== Supplied data ==

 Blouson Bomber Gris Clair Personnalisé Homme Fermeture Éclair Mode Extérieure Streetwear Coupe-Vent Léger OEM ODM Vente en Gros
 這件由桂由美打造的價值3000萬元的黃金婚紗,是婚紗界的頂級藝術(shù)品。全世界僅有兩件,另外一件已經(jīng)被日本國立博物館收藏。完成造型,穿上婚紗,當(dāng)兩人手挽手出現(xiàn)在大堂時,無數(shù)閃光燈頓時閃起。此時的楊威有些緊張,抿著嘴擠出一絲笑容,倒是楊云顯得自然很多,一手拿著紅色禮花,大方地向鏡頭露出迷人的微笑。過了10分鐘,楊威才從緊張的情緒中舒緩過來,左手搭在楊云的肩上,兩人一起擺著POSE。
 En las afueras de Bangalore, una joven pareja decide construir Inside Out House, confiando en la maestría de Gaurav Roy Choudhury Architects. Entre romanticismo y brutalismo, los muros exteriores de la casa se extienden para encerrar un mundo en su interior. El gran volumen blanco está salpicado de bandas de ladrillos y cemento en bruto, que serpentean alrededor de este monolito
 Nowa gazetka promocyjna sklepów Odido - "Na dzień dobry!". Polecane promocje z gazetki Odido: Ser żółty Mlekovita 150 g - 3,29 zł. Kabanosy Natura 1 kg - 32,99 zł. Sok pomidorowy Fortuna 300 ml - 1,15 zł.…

===

### Your objective
An exact transcription of the lines from the start of the listing through the line bearing "這件由桂由美打造的價值300" is the whole answer.

### Answer for the task
 Blouson Bomber Gris Clair Personnalisé Homme Fermeture Éclair Mode Extérieure Streetwear Coupe-Vent Léger OEM ODM Vente en Gros
 這件由桂由美打造的價值3000萬元的黃金婚紗,是婚紗界的頂級藝術(shù)品。全世界僅有兩件,另外一件已經(jīng)被日本國立博物館收藏。完成造型,穿上婚紗,當(dāng)兩人手挽手出現(xiàn)在大堂時,無數(shù)閃光燈頓時閃起。此時的楊威有些緊張,抿著嘴擠出一絲笑容,倒是楊云顯得自然很多,一手拿著紅色禮花,大方地向鏡頭露出迷人的微笑。過了10分鐘,楊威才從緊張的情緒中舒緩過來,左手搭在楊云的肩上,兩人一起擺著POSE。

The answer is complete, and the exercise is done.